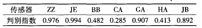 表1 傳感器對樣品的判別指數(shù)
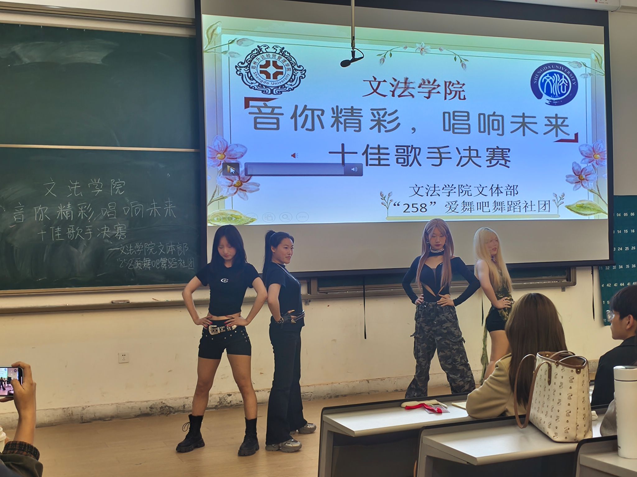 此次大赛在主持人的介绍下拉开帷幕。经过初赛、复赛层层选拔后脱颖而出的13位参赛选手依次登台,带来了精彩绝伦的演出。他们用歌声点燃梦想,让现场观众深切感受到了参赛选手对音乐的热爱、对生活的深刻感悟,彰显着青春的无限激情与才华。比赛过程中,现场气氛热烈,掌声、欢呼声此起彼伏。在大赛的尾声,由文法学院258爱舞吧舞蹈社团带来的精彩舞蹈,再一次调动了现场氛围,展现青春的跃动。经过激烈角逐,2024 级法学本科 3 班蒋娉凭借一曲《如果可以》脱颖而出,斩获一等奖;2024 级学前教育专科 1 班邓梓铭、张嘉怡合唱的《遗失的心跳》以及张嘉怡独唱的《年轻姑娘应该懂得》荣获二等奖;2024 级汉语言文学本科 7 班吴睿斐的《路过人间》、2024 级网络与新媒体本科 2 班单意恒的《怪咖》、2024 级法学本科 1 班王一淳的《手心的蔷薇》获得三等奖。最后,刘唯伊老师对选手们的表现进行点评,肯定选手们的精彩表现,并鼓励大家踊跃参加比赛,积极锻炼自己。
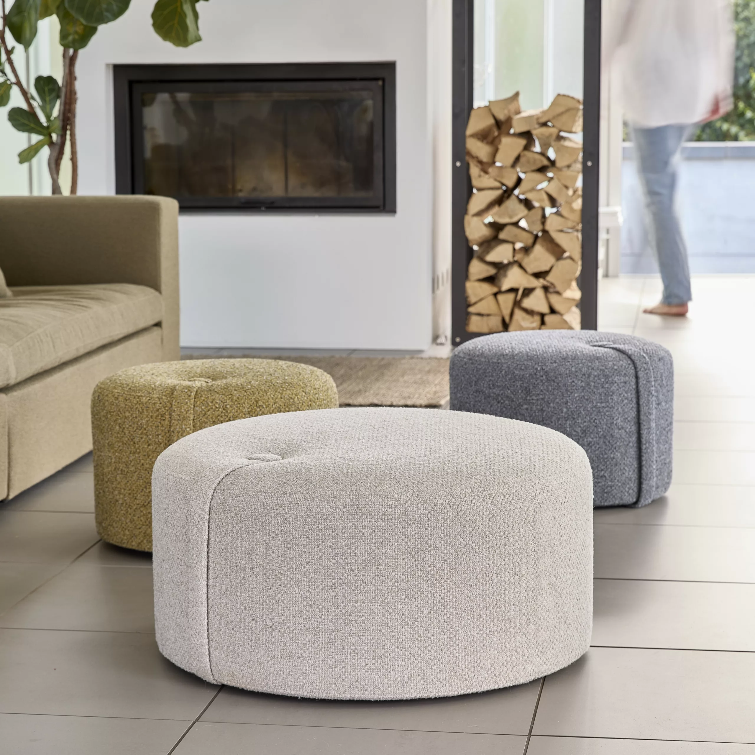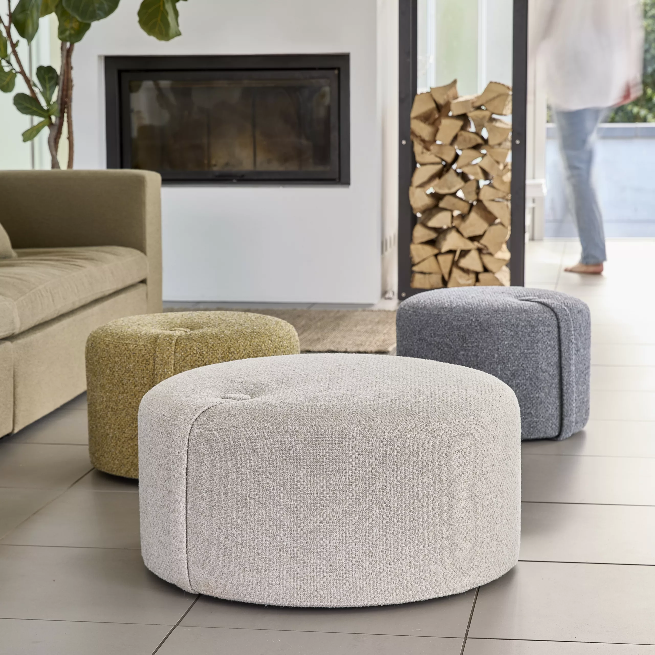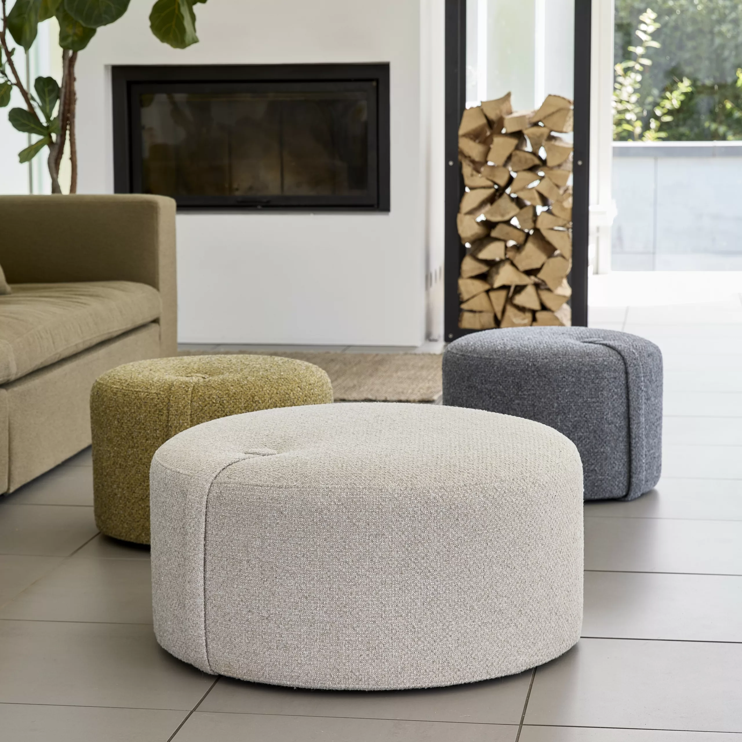 Loop Pouf 泡芙椅配有實用的提帶與裝飾鈕扣設計,讓移動變得輕鬆自然,也為空間增添一份隨性優雅。外層選用柔軟的粗花呢質感布料,提供三款精選色調;內部結構則以 FSC 認證的再利用木材製成,填充回收地毯纖維,並覆以環保再生布料,在舒適坐感與永續理念之間取得完美平衡。
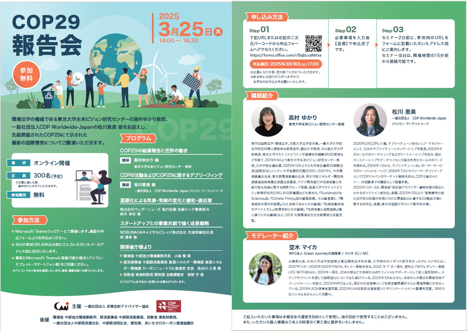 環境法学の権威である東京大学未来ビジョン研究センターの高村ゆかり教授、一般社団法人CDP Worldwide-Japanの松川恵美様をお迎えし、先般開催されたCOP29にて示された最新の国際情勢、および国内外におけるカーボンニュートラル取り組みや脱炭素経営の進め方等についてご講演いただきます。
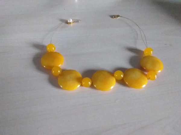 So here is a photo of the finished item, yellow jade, minus the fiddly bits to keep the beads fixed. I just couldn't manage it. ? However, no-one is going to be close enough to notice!

+ + + + + + +

## Work instruction
The answer is the whole listing retyped exactly, with pictures omitted.

## Task response
 表1 傳感器對樣品的判別指數(shù)
 此次大赛在主持人的介绍下拉开帷幕。经过初赛、复赛层层选拔后脱颖而出的13位参赛选手依次登台,带来了精彩绝伦的演出。他们用歌声点燃梦想,让现场观众深切感受到了参赛选手对音乐的热爱、对生活的深刻感悟,彰显着青春的无限激情与才华。比赛过程中,现场气氛热烈,掌声、欢呼声此起彼伏。在大赛的尾声,由文法学院258爱舞吧舞蹈社团带来的精彩舞蹈,再一次调动了现场氛围,展现青春的跃动。经过激烈角逐,2024 级法学本科 3 班蒋娉凭借一曲《如果可以》脱颖而出,斩获一等奖;2024 级学前教育专科 1 班邓梓铭、张嘉怡合唱的《遗失的心跳》以及张嘉怡独唱的《年轻姑娘应该懂得》荣获二等奖;2024 级汉语言文学本科 7 班吴睿斐的《路过人间》、2024 级网络与新媒体本科 2 班单意恒的《怪咖》、2024 级法学本科 1 班王一淳的《手心的蔷薇》获得三等奖。最后,刘唯伊老师对选手们的表现进行点评,肯定选手们的精彩表现,并鼓励大家踊跃参加比赛,积极锻炼自己。
 Loop Pouf 泡芙椅配有實用的提帶與裝飾鈕扣設計,讓移動變得輕鬆自然,也為空間增添一份隨性優雅。外層選用柔軟的粗花呢質感布料,提供三款精選色調;內部結構則以 FSC 認證的再利用木材製成,填充回收地毯纖維,並覆以環保再生布料,在舒適坐感與永續理念之間取得完美平衡。
 環境法学の権威である東京大学未来ビジョン研究センターの高村ゆかり教授、一般社団法人CDP Worldwide-Japanの松川恵美様をお迎えし、先般開催されたCOP29にて示された最新の国際情勢、および国内外におけるカーボンニュートラル取り組みや脱炭素経営の進め方等についてご講演いただきます。
 So here is a photo of the finished item, yellow jade, minus the fiddly bits to keep the beads fixed. I just couldn't manage it. ? However, no-one is going to be close enough to notice!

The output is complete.